Most of the reliquaries were made between the 17th to 20th centuries and their creation was halted by colonialism, especially when foreign missionaries in the 1930s exerted their control in today’s Republic of Congo and Gabon. The “digital excavation” into their lost history is a project by Belgian computer scientist Frederic Cloth, who developed a database of surviving Kota reliquaries, included in the exhibition as the Kota Data Cloud designed by Rampant Interactive.
“There’s a lot of missing information, and we don’t really know as much about these objects as we’d want, about the makers, and when they were collected,” Cara Starke, director of Pulitzer Arts Foundation, told Hyperallergic. “For 15 to 20 years [Cloth] has been collecting data on these Kota, including hand-drawing all the extant ones, which is about 2,000.”
Kota includes 50 reliquaries on loan from various collections. Cloth co-curated the exhibition with former Pulitzer director Kristina Van Dyke, and the digital and physical experiences are meant to intertwine, harnessing computer science as a new way to interpret the reliquaries.

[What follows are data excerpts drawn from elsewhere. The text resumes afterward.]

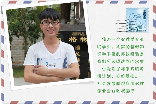 在学业的准备上,作为一个心理学专业的学生,扎实的基础知识和丰富的实践经验是我们所必须达到的水准。这也是为了将来我的考研计划打好基础。这学期,我加入的“力比多”心理实验小组,也准备开始一系列的心理实验。小组内,大家将开始讨论,策划,实施,总结,从而独立完成一次足以写出论文的心理实验,并争取投稿国内一些学术杂志,向我们的学长学姐看齐。这也能为将来考研创造一个有力的竞争条件。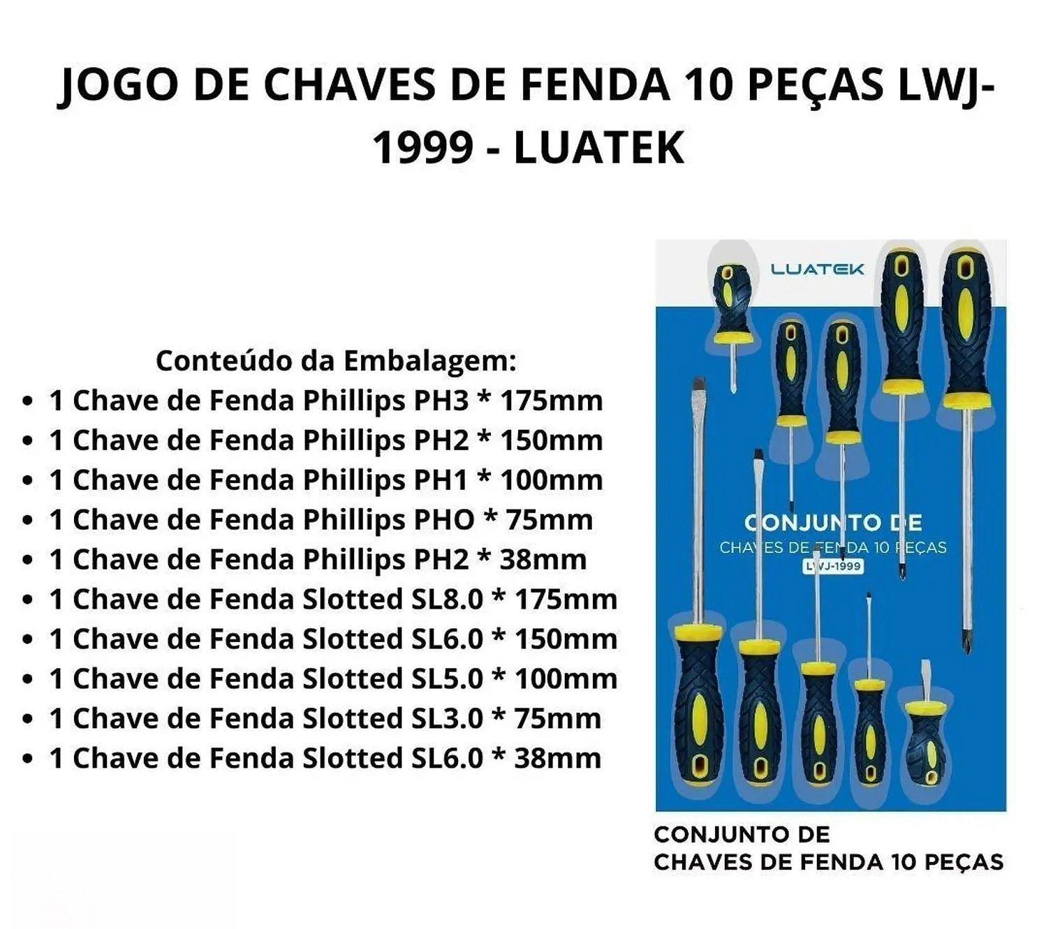 CONJUNTO DE CHAVES DE FENDA 10 PEÇAS LUATEK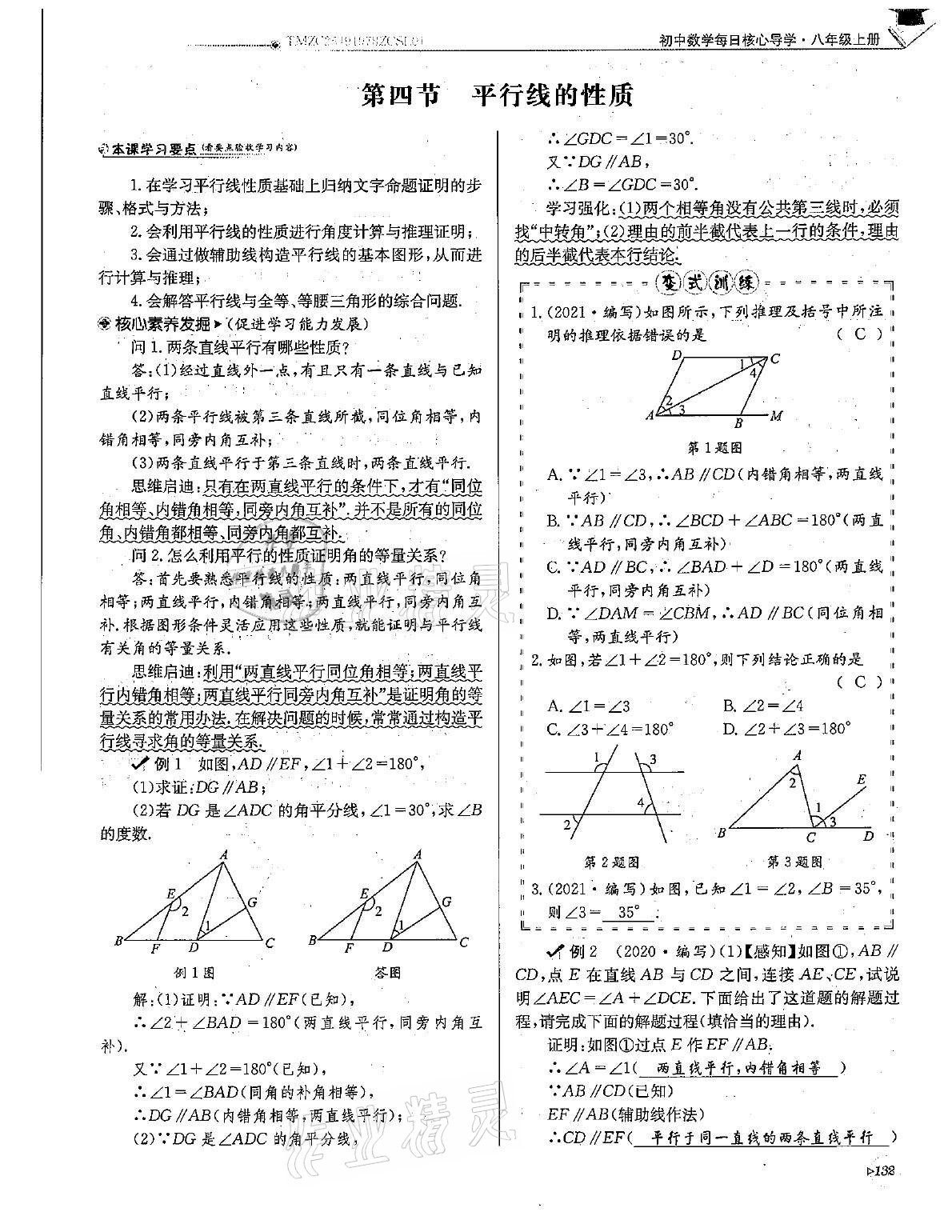 注:目前有些书本章节名称可能整理的还不是很完善,但都是按照顺序排列的,请同学们按照顺序仔细查找。练习册 2021年初中数学每日核心导学八年级上册北师大版 答案主要是用来给同学们做完题方便对答案用的,请勿直接抄袭。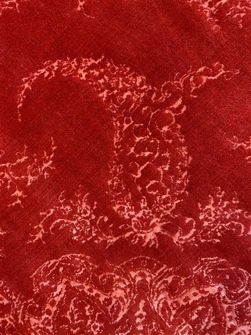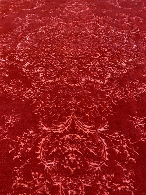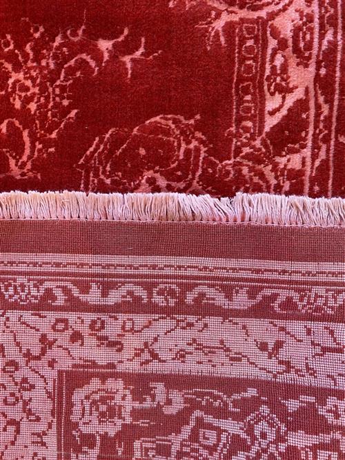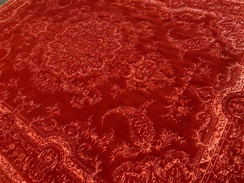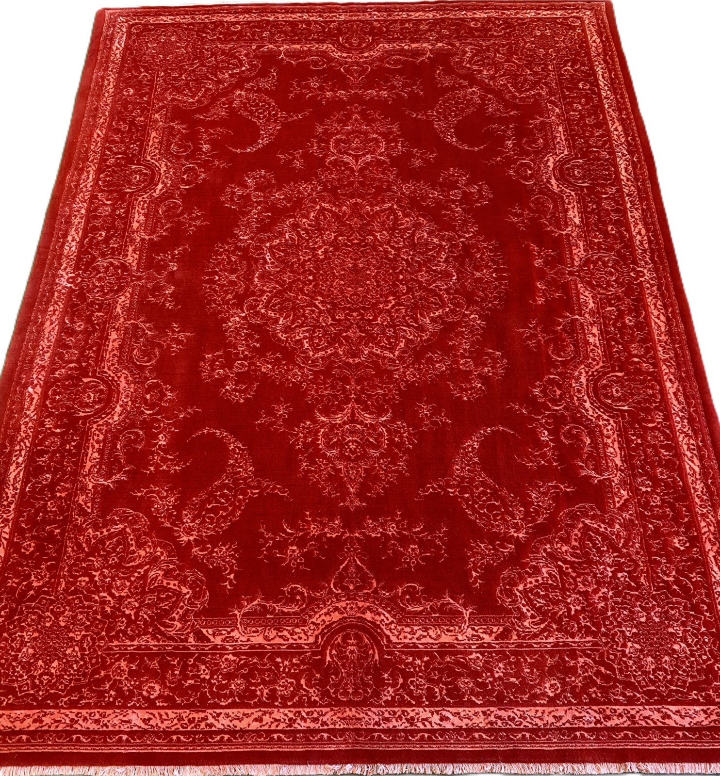 A NEW PERSIAN TRANSITIONAL DANCING FLOWER DESIGNER WOOL RUG, HANDMADE LOOM KNOT. TRANSITIONAL PERSIAN FLORAL DESIGN OF EMBOSSED BOLD DOMINANT MEDALLION, BOLD PAISLEY PATTERNS AND FLORAL BORDER IN PEACH SET WITHIN A CRIMSON FIELD. GALLERY DISPLAYED. CERTIFICATE OF AUTHENTICITY & ORIGIN ON REQUEST. ORIGIN: IRAN (344 X 253 CM) (PLEASE NOTE THERE MAY BE SOME COLOUR VARIATION FROM PHOTOGRAPH)

“Our show is trying to both offer the opportunity to experience and look at these Kota, and also understand the methodologies that [Cloth] went through,” Starke said. She explained that on the Kota Data Cloud, visitors can make their own groupings of Kota with a touchscreen, maybe putting those together with circular eyes, or corralling those with rectangular ears. “It’s getting people to think about and look at this level of detail when they go back into the show,” she said.

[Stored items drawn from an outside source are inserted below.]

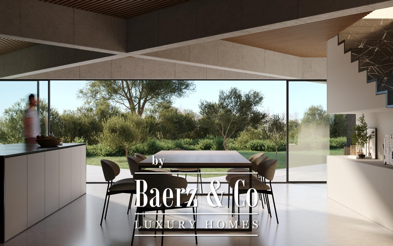 The residence extends over two floors, providing 519 m² of interior space that accommodates four suites, two living rooms, and six bathrooms with quiet sophistication. A spacious kitchen, dedicated laundry, and a garage for three cars respond to every demand of modern life. Broad glazed openings lead to the garden and a generous pool, set within a 1,323 m² plot, creating an uninterrupted flow between indoor refinement and outdoor calm.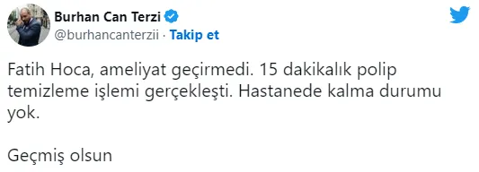 Gazeteci Burhan Can Terzi sosyal medya hesabından "15 dakikalık polip temizleme işlemi gerçekleşti. Hastanede kalma durumu yok. Geçmiş olsun" açıklamasını yaptı.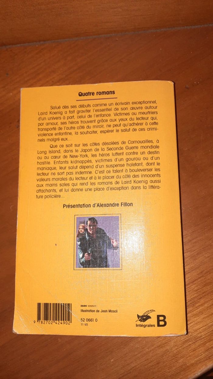 Libre contenant 4 romans de Laird Koening Attention les enfants regardent La petite fille au bout du chemin La porte en face Les îles du refuge #ValandreLivre #ValandreLivrePolicier Etat satisfaisant car présence de pliure sur la couverture en bas à gauche et sur les 50 premières pages Présence de noir sur la cote Cornée en haut à gauche Et pages légèrement ondulés au debut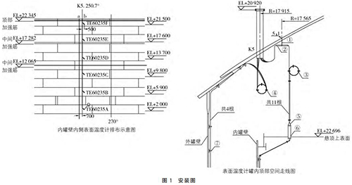 以昆侖能源華油天然氣四川廣安液化天然氣2萬(wàn)方儲(chǔ)罐為例,在安裝多點(diǎn)溫度計(jì)過程中,內(nèi)罐底部溫度熱電阻需要從內(nèi)罐浮頂進(jìn)入罐內(nèi),沿罐壁垂直向下固定在罐底部。如需夾層底部溫度測(cè)量,則需要將溫度熱電阻沿外罐壁垂直而下,固定在罐底夾層的氮?dú)夤苌希块g隔4m布置1個(gè)電纜固線器,如圖1所示。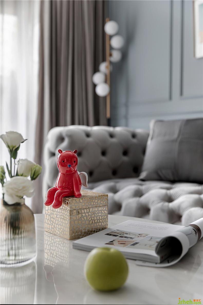 吊燈、茶幾全都融入黃銅元素,配上一張舒適的絲絨沙發(fā),無需多言,輕奢韻味便躍然浮現(xiàn)。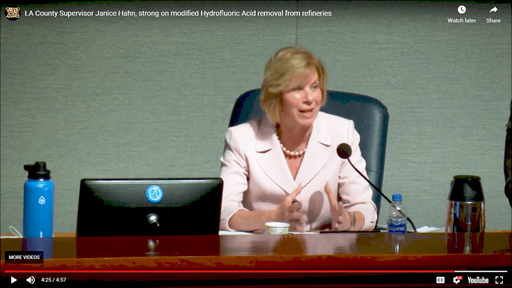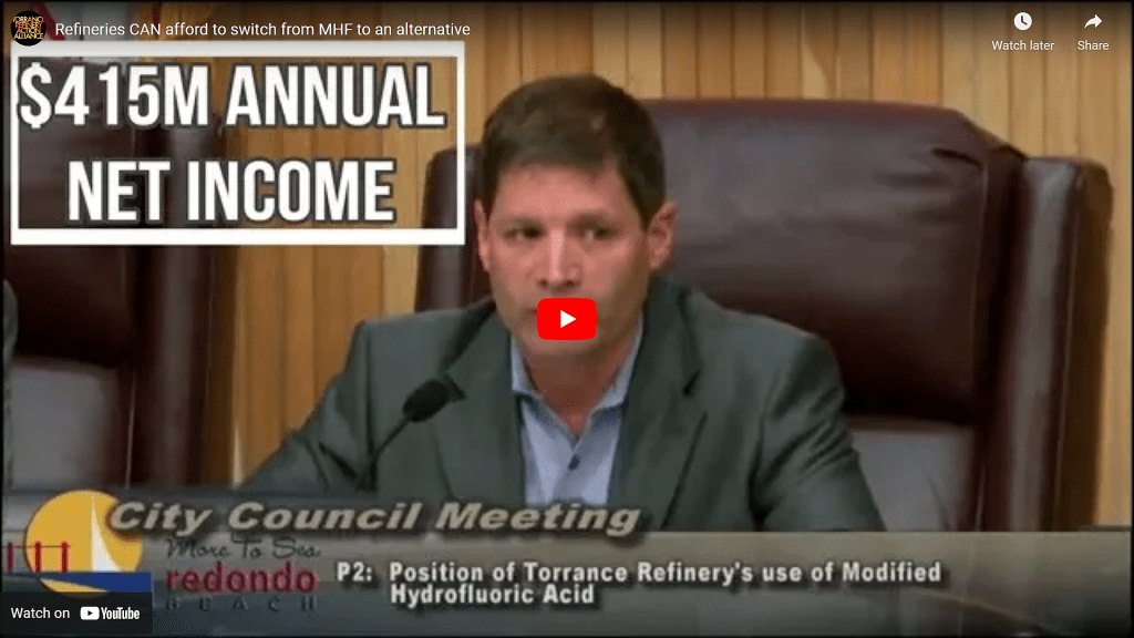 TRAA’s short one-minute video featuring Torrance resident Michelle Rushton speaking at a Southern California AQMD meeting in Torrance on the impact of potentially catastrophic hydrofluoric acid from the Torrance and Valero refineries in the South Bay of Southern California.

The Kota Data Cloud and its underlying research have revealed some previous unknowns about the Kota, such as a one-to-two ratio of male and female figures, suggesting they were meant to be assembled in groups of three. Analysis of style evolutions has indicated artist workshops that may have stretched over generations. Kota is the first public demonstration of the database, presented in a digital experience by Rampant Interactive, a software and gaming studio, which will have a five-month residency at the Pulitzer during the exhibition. Along with the Kota Data Cloud, another Rampant Interactive experience called the Kota Protolab invites visitors to form their own digital reliquaries that can be 3D printed.
Each reliquary stands between eight and 30 inches tall — though the bone baskets mostly no longer exist, although one is included in the show — and Kota treats each as an individual, inviting visitors to delve into their history as ritualistic spiritual artifacts, and the artistic tradition behind their centuries of creation.

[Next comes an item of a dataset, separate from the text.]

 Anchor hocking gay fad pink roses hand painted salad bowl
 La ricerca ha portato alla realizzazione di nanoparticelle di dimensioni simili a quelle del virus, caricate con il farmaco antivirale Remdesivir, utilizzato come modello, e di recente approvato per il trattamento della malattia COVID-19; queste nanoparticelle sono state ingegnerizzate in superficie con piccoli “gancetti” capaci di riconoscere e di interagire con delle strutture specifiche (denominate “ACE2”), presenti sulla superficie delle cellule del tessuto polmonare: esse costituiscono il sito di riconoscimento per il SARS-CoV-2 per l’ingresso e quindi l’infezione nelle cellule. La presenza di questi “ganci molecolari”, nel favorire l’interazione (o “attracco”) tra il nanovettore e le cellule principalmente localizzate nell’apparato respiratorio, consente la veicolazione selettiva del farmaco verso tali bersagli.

“From my perspective, the hope is that when someone walks away, it heightens their ability to look at these objects and focus in on things like the shape of the eyes, that there is a necklace on another,” Starke said. “It’s not getting into material things like wood and the metal, but is very much about looking.”
Kota: Digital Excavations in African Art is October 16, 2015 to March 19, 2016 at the Pulitzer Arts Foundation (3716 Washington Boulevard, St. Louis).